Patricia Urquiola, Pipeline, cc-tapis. Foto / Copyright: Michele Foti
Perriand forever
Neben Entwürfen zeitgenössischer Gestalter*innen wartet cc-tapis in diesem Jahr aber auch mit Teppichen einer französischen Designpionierin auf. Es waren sechs Farbstudien, die Charlotte Perriand 1972 für das Pierre-Blanche-Gebäude im Wintersportgebiet Les Arcs in den französischen Alpen anfertigte. Als gewebte Paneele gedacht, fielen sie jedoch Einsparungsmaßnahmen zum Opfer. Die Französin hatte für die Apartmenthäuser des Projekts das Interiordesign samt Möbeln entworfen. Die bisher unveröffentlichten Farbstudien von Perriand wurden von cc-tapis aus dem Archiv geholt und in handgeknüpfte Teppiche unter dem Namen Les Arcs Collection umgesetzt – mit einem Streifenmuster, das an beiden Seiten von Farbblöcken gerahmt wird.
Charlotte Perriand, Monolith, Classicon. Foto / Copyright: Hersteller
Das Mailänder Teppichlabel präsentierte im Januar während der Paris Design Week erstmals sechs verschiedene Dessins, die von tibetischen Handwerker*innen aus 100 Prozent Himalaya-Wolle in Nepal handgeknüpft werden – mit 125.000 Knoten pro Quadratmeter. Die jeweilige Kombination von insgesamt zwölf Farben basiert auf den Studien der Designerin. Ebenfalls auf Charlotte Perriand setzt ClassiCon, wie gerade in Mailand zu sehen war. Monolith ist ein handgeknüpfter Teppich aus Schurwolle mit einem grafischen Muster, für den Zeichnungen und Gouachen der Gestalterin aus den Zwanzigerjahren Pate standen.

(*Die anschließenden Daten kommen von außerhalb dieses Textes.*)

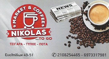 Mini Market MARKET AND COFFEE NIKOLAS-CAFE MINI MARKETS ΚΥΨΕΛΗ Ευελπίδων 49-51 Κυψέλη Πληροφορίες Επιχείρησης: Ευελπίδων 49-51 Κυψέλη 11362 2108254465 Κος Νικόλας-Κα Πολυξένη 37.9961136 23.7403132 739 Περιγραφή Επιχείρησης: MARKET & COFFEE NIKOLAS Cafe-Mini Market Τσιγάρα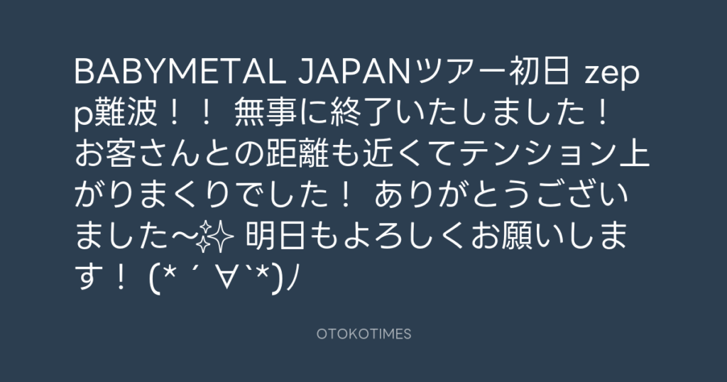 BABYMETAL JAPANツアー初日 zepp難波!! 無事に終了いたしました! お客さんとの... -
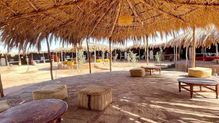 Die Aladdin Desert Lodge - Mhamid Sahara Camp befindet sich in ruhiger Lage in El Gouera, umgeben von der beeindruckenden Landschaft der Erg Chegaga Dünen.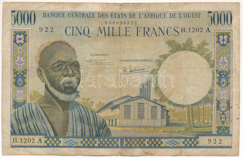 Nyugat Afrikai Államok / Elefántcsontpart DN (1974.) 5000Fr T:F,VG kis beszakadások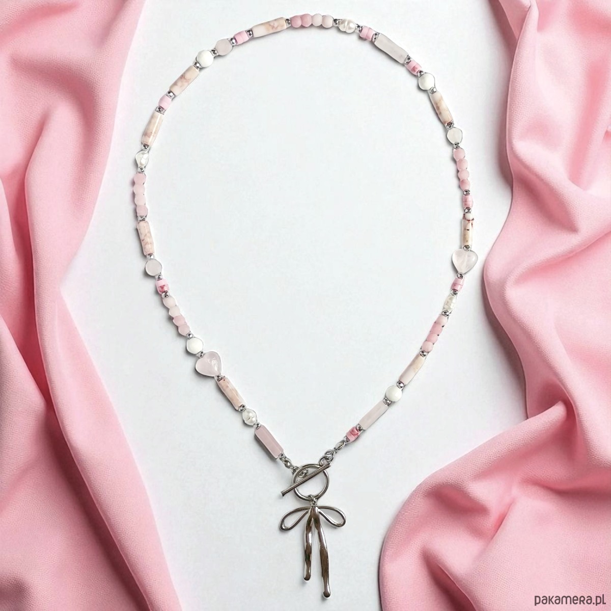 Naszyjnik pinky pink : różowy naszyjnik z kokardką

David Chipperfield, Tegel, Kasthall. Foto / Copyright: Hersteller
Stille Stücke
Grafische Muster sind ein wichtiges Thema, egal ob es sich um Teppiche oder Textilien handelt. Oft tauchen sie im Zusammenhang mit einer gedämpften Farbpalette auf. Denn auch wenn in diesem Jahr in der Raumausstattung durchaus ein Hang zur Opulenz festzustellen ist: Statement Pieces in knalligen Farben, mit auffälligen Mustern und Texturen fordern Aufmerksamkeit und brauchen Platz, um zu wirken. Deshalb sind stille Stücke in zurückhaltenden Tönen und mit unaufgeregten Mustern nicht wegzudenken aus dem Interiordesign. Dass sie alles andere als langweilig sind, zeigt ein Entwurf von David Chipperfield für den schwedischen Teppichhersteller Kasthall. Tegel ist ein handgetufteter Bouclé-Teppich mit taktiler Oberfläche aus Wolle und Leinen, den es in drei Designvarianten in jeweils sieben verschiedenen Farbstellungen gibt. Die Strenge der scharfen Geometrien wird aufgefangen durch die subtilen Kombinationen von Naturtönen.